-- Opening Marker --
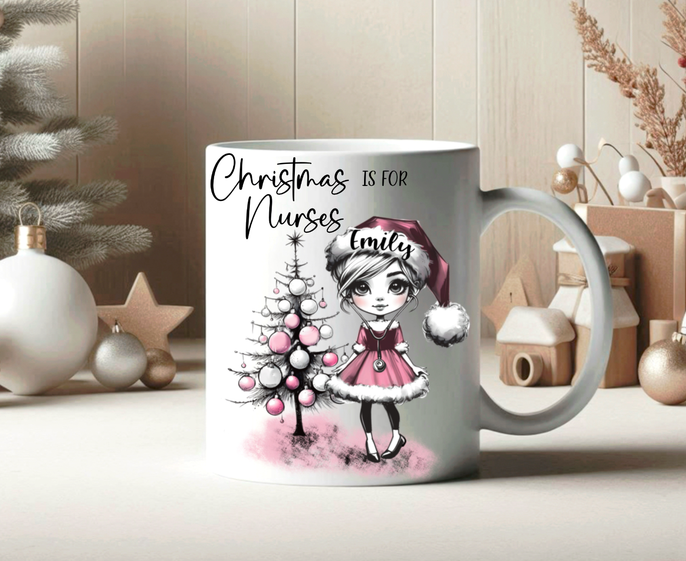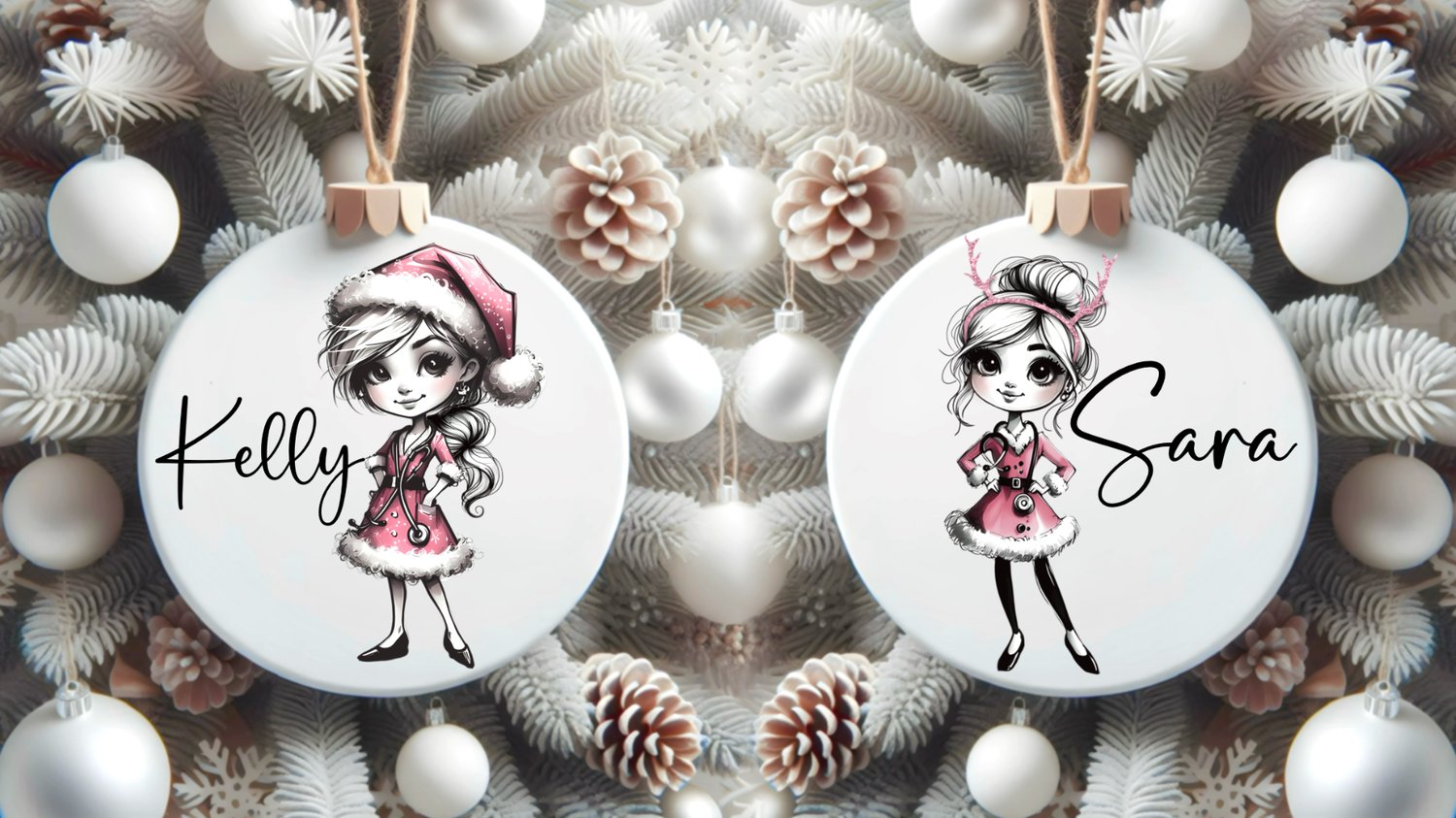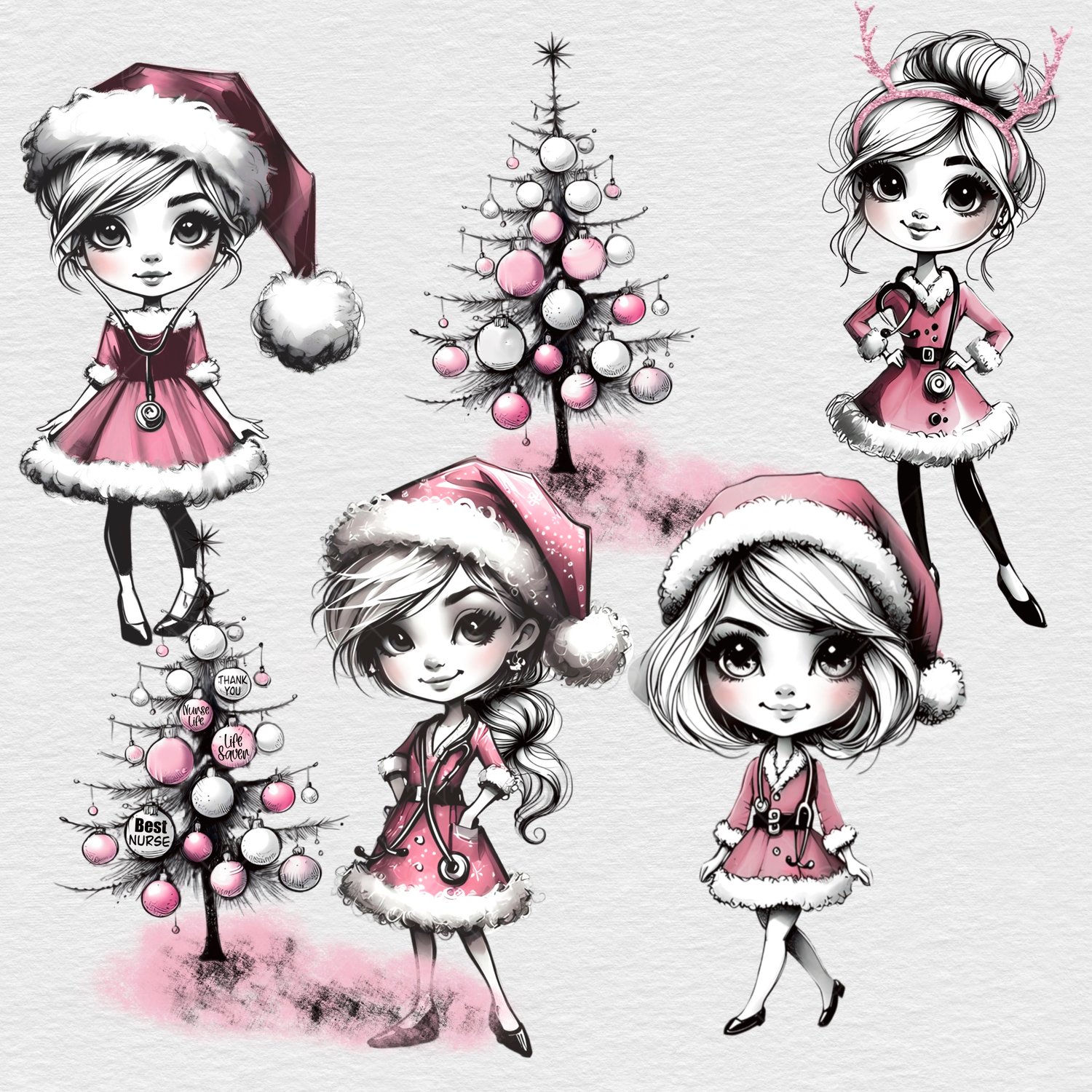 Christmas nurses. 4 Whimsical nurses with different hairstyles and 2 trees; one with and one without text. 6 PNGs. Sublimation, print, DTF etc. Instant download. ideal clothing, cards, baubles and more!
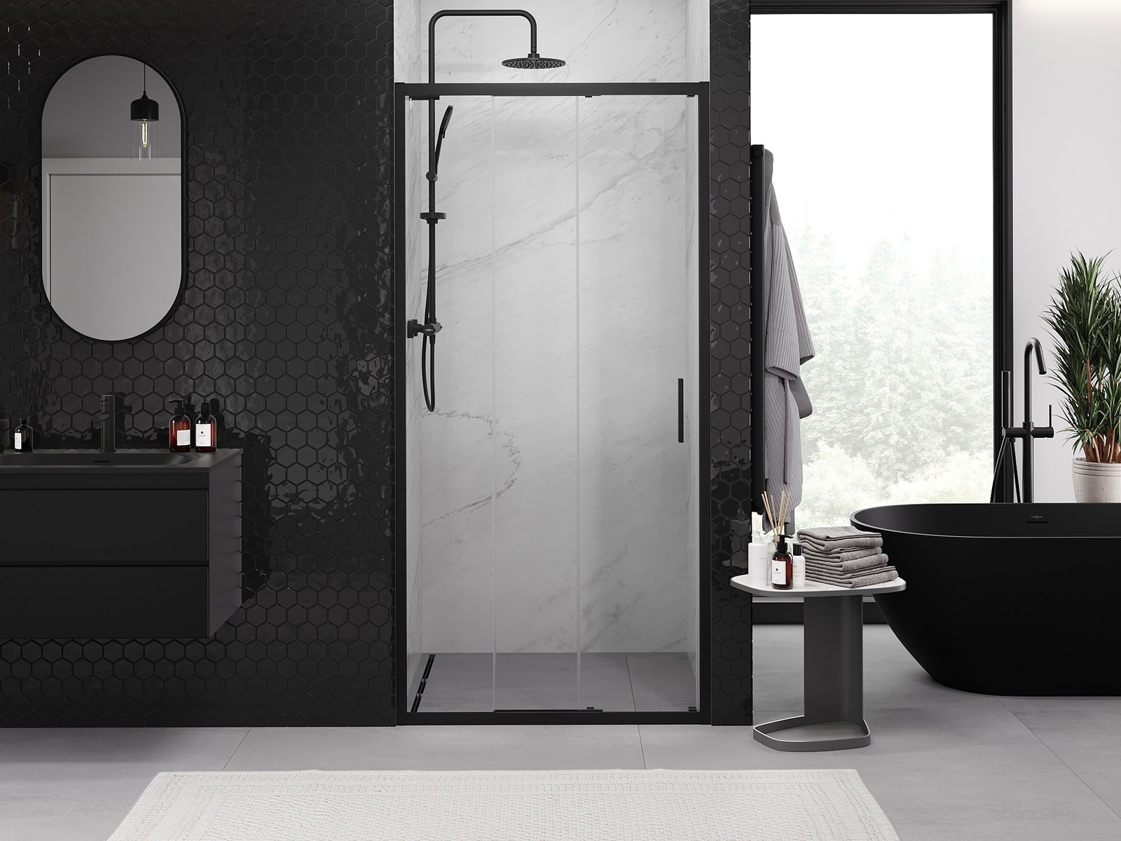 Mexen Exo-3S posuvné sprchové dveře 85 cm, transparentní, černé - 8153-085-000-70-00
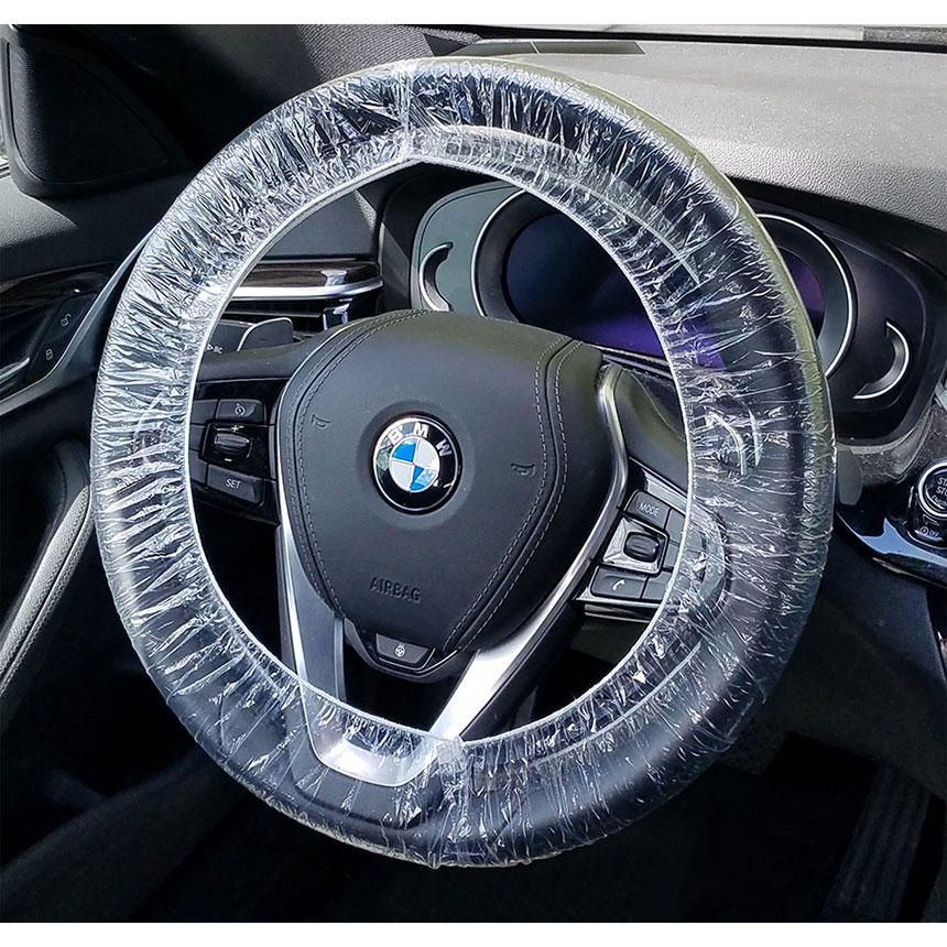 • 24" Disposable Plastic Steering Wheel Covers are constructed from durable polyethylene film with 2 elastic bands around the edge to secure the cover around the steering wheel
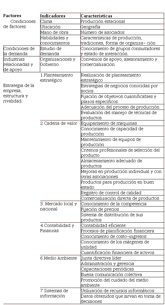 Finalmente, estos autores recomiendan que las técnicas de autoevaluación de la competiti- vidad deben ser complementadas por entrevistas a otros actores de la cadena productiva que logren dar una apreciación objetiva de la competitividad de estas organizaciones, complementada con la re- visión de datos históricos - documentales donde se corrobore las variables consideradas en la autoe- valuación. Considerando estos aspectos se aplicó instrumentos que contribuyen en el fortalecimiento de la evaluación de la competitividad.
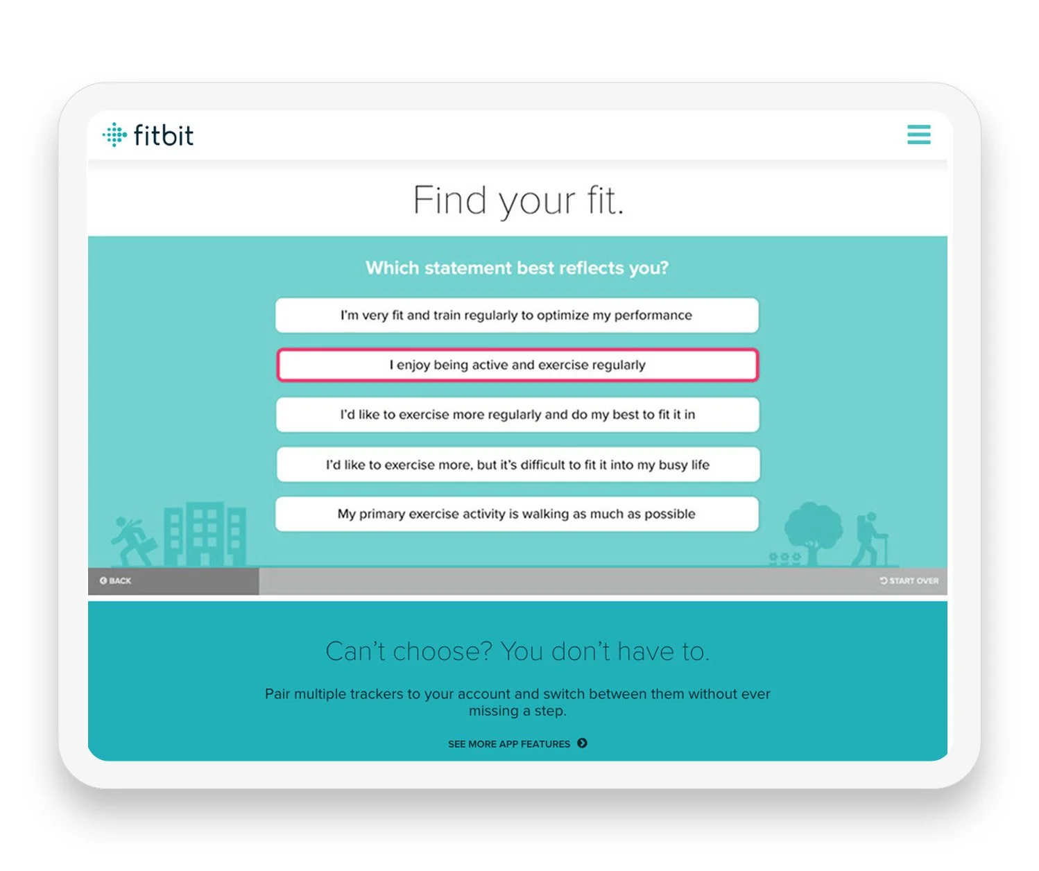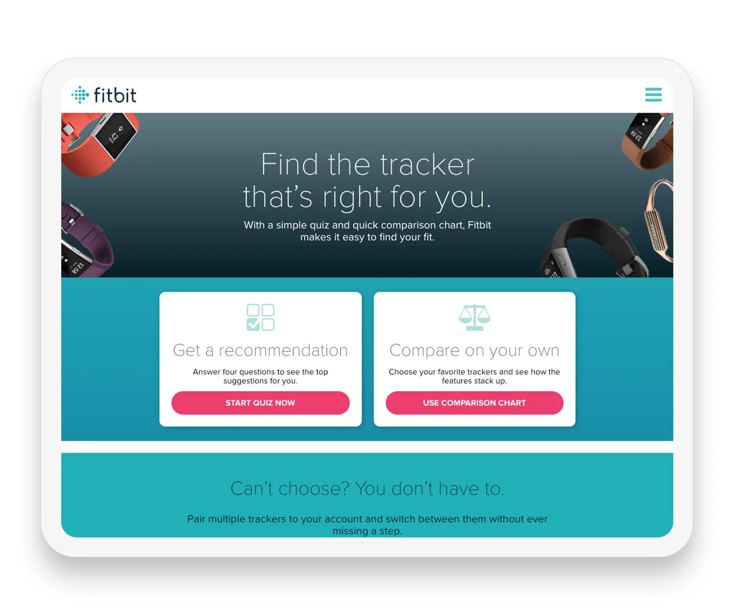 Following Google’s acquisition of Fitbit, this product recommendation quiz is unfortunately no longer live. But an archived page with the animated hero section, can be viewed here.
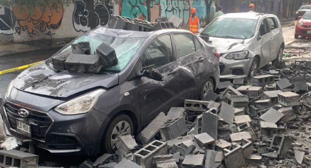 Monterrey.-Una barda de bloques cayó de un segundo piso dejando daños materiales en dos vehículos estacionados sobre la calle Arteaga y Ramón Corona.
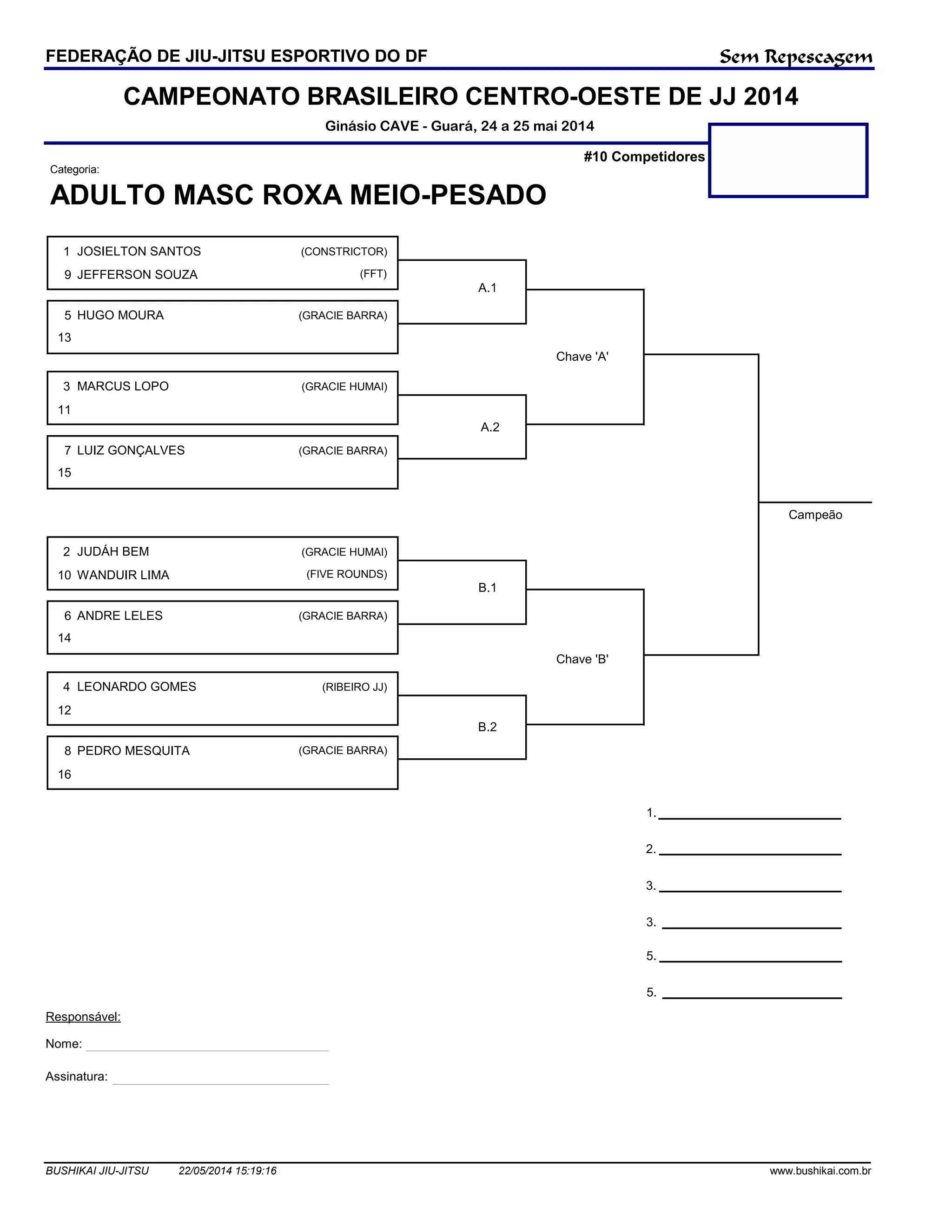 O documento descreve o campeonato brasileiro centro-oeste de jiu-jitsu de 2014 na categoria adulto masculino roxa meio-pesado, com 10 competidores divididos em duas chaves sem repescagem, vencido por Hugo Moura da Gracie Barra.
-- Closing Marker --
* Exercise: Output exactly the lines above, from the line with "Mexen Exo-3S posuvné" to the line with "the steering wheel", both included; skip the pictures.

* Result for this exercise:
 Mexen Exo-3S posuvné sprchové dveře 85 cm, transparentní, černé - 8153-085-000-70-00
 • 24" Disposable Plastic Steering Wheel Covers are constructed from durable polyethylene film with 2 elastic bands around the edge to secure the cover around the steering wheel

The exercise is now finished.